── Data records
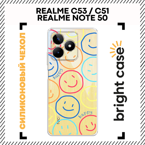 Чехол на Realme C53/C51/Note 50 / Реалми С53/С51/Нот 50 с принтом Смайлы, прозрачный
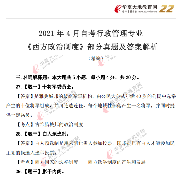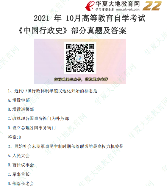 资料简介:2021年10月自考真题—《中国行政史》
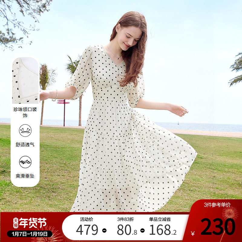 betu百图法式经典波点连衣裙女2025年夏季新款V领度假风雪纺裙
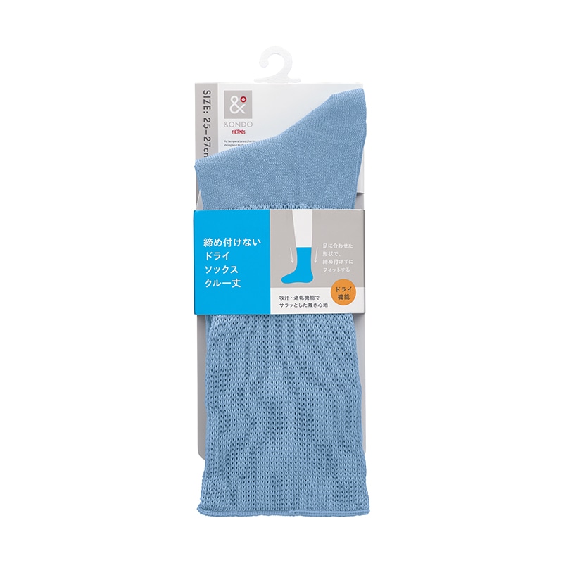 (3/6発売)締め付けないドライソックス クルー丈 25-27cm ブルー
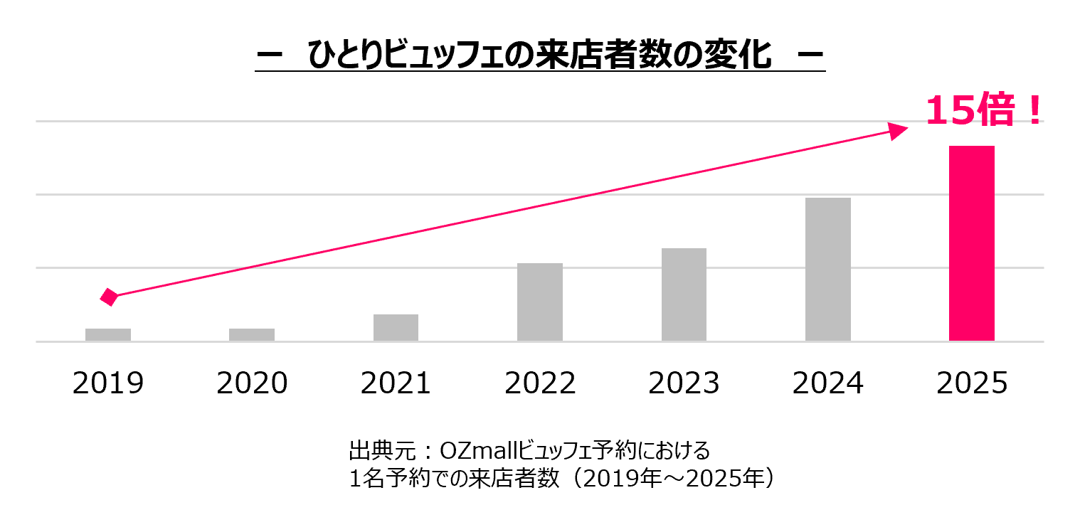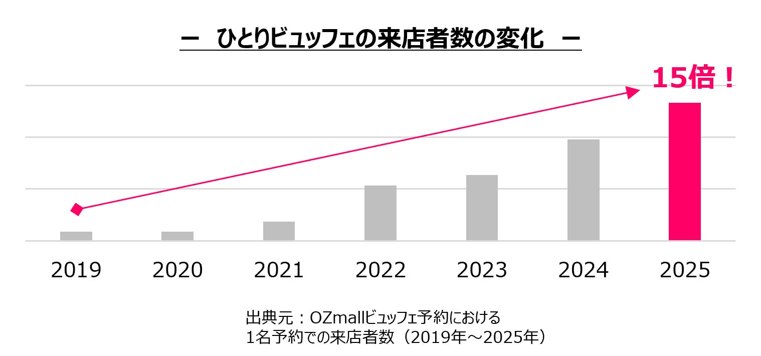 スターツ出版株式会社(本社:東京都中央区、代表取締役社長:関根赴治)が運営する「OZmall(オズモール)」(会員数500万人)では、近年増加している“ひとりビュッフェ”の利用動向を、予約データおよびユーザーアンケートから分析しました。 OZmallにおける「ひとりビュッフェ」の予約数は、2019年以降約6年間で約15倍に増加。「ビュッフェは複数人で行くもの」という従来の常識が、少しずつ変わり始めています。 OZmallでは、こうしたニーズの高まりに合わせて、来年3月まで毎月「おひとりさま貸し切りビュッフェ」イベントを開催します。
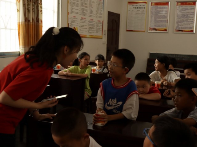 实践队员在课堂上引导学生回答问题。喻志和 摄
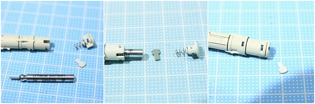 これが改変後のサーベル。電池のフタが皿状でバネが露出している。さらにストッパーが追加になっている。
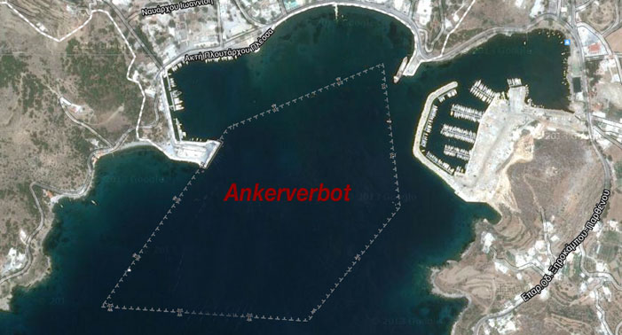 In der Veröffentlichung wurde ein Karte samt Sperrgebiets-Grenzen abgebildet, die nur noch wenig Platz für Yachten lässt. Crews, die dennoch dort ankern wollen, müssen relativ dicht unter Land gehen, um ausserhalb der Sperrzone zu bleiben. Weiter südlich des Gebietes ist es zu tief (..und ungeschützt) um zu ankern. Warum es eingerichtet wurde, geht nicht aus der Meldung hervor. Allerdings liegen im Einzugs-Bereich zwei Anleger, der eine für die Inselfähren, am anderen machen gelegentlich Frachter fest. Wer lange genug in Griechenland gesegelt ist weiss, solche Verbote müssen nicht unbedingt bedeuten, dass sie in der Praxis auch tatsächlich eingehalten oder gar geahndet werden. Doch wer in der weitläufigen Bucht in Zukunft vor Anker geht, sollte zumindest nicht überrascht sein, falls er vor Ort aufgefordert wird, den Platz zu verlassen oder dichter unter Land zu ankern. |
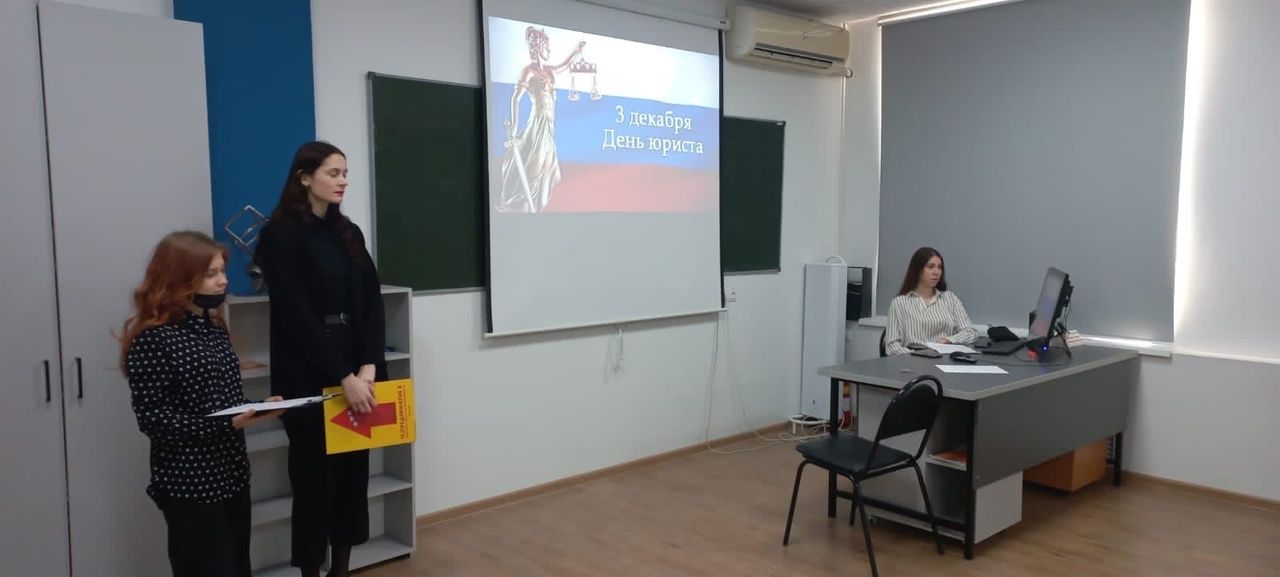 В преддверии праздника на отделении информационных технологий, экономики и права для студентов, обучающихся по специальности «Право и организация социального обеспечения» было проведено мероприятие «Именем закона». Оно было подготовлено преподавателем специальных дисциплин Натальей Владимировной Кузичкиной и студентами группы ПСО-2401 Майей Ковалевой, Викторией Сидоренко, Дарьей Масютиной и имело профессиональную направленность.
────
**Task instructions:** Could you repeat each line above exactly as written? Omit the pictures.

**Response to the exercise:**
 Чехол на Realme C53/C51/Note 50 / Реалми С53/С51/Нот 50 с принтом Смайлы, прозрачный
 资料简介:2021年10月自考真题—《中国行政史》
 betu百图法式经典波点连衣裙女2025年夏季新款V领度假风雪纺裙
 (3/6発売)締め付けないドライソックス クルー丈 25-27cm ブルー
 スターツ出版株式会社(本社:東京都中央区、代表取締役社長:関根赴治)が運営する「OZmall(オズモール)」(会員数500万人)では、近年増加している“ひとりビュッフェ”の利用動向を、予約データおよびユーザーアンケートから分析しました。 OZmallにおける「ひとりビュッフェ」の予約数は、2019年以降約6年間で約15倍に増加。「ビュッフェは複数人で行くもの」という従来の常識が、少しずつ変わり始めています。 OZmallでは、こうしたニーズの高まりに合わせて、来年3月まで毎月「おひとりさま貸し切りビュッフェ」イベントを開催します。
 实践队员在课堂上引导学生回答问题。喻志和 摄
 これが改変後のサーベル。電池のフタが皿状でバネが露出している。さらにストッパーが追加になっている。
 In der Veröffentlichung wurde ein Karte samt Sperrgebiets-Grenzen abgebildet, die nur noch wenig Platz für Yachten lässt. Crews, die dennoch dort ankern wollen, müssen relativ dicht unter Land gehen, um ausserhalb der Sperrzone zu bleiben. Weiter südlich des Gebietes ist es zu tief (..und ungeschützt) um zu ankern. Warum es eingerichtet wurde, geht nicht aus der Meldung hervor. Allerdings liegen im Einzugs-Bereich zwei Anleger, der eine für die Inselfähren, am anderen machen gelegentlich Frachter fest. Wer lange genug in Griechenland gesegelt ist weiss, solche Verbote müssen nicht unbedingt bedeuten, dass sie in der Praxis auch tatsächlich eingehalten oder gar geahndet werden. Doch wer in der weitläufigen Bucht in Zukunft vor Anker geht, sollte zumindest nicht überrascht sein, falls er vor Ort aufgefordert wird, den Platz zu verlassen oder dichter unter Land zu ankern. |
 В преддверии праздника на отделении информационных технологий, экономики и права для студентов, обучающихся по специальности «Право и организация социального обеспечения» было проведено мероприятие «Именем закона». Оно было подготовлено преподавателем специальных дисциплин Натальей Владимировной Кузичкиной и студентами группы ПСО-2401 Майей Ковалевой, Викторией Сидоренко, Дарьей Масютиной и имело профессиональную направленность.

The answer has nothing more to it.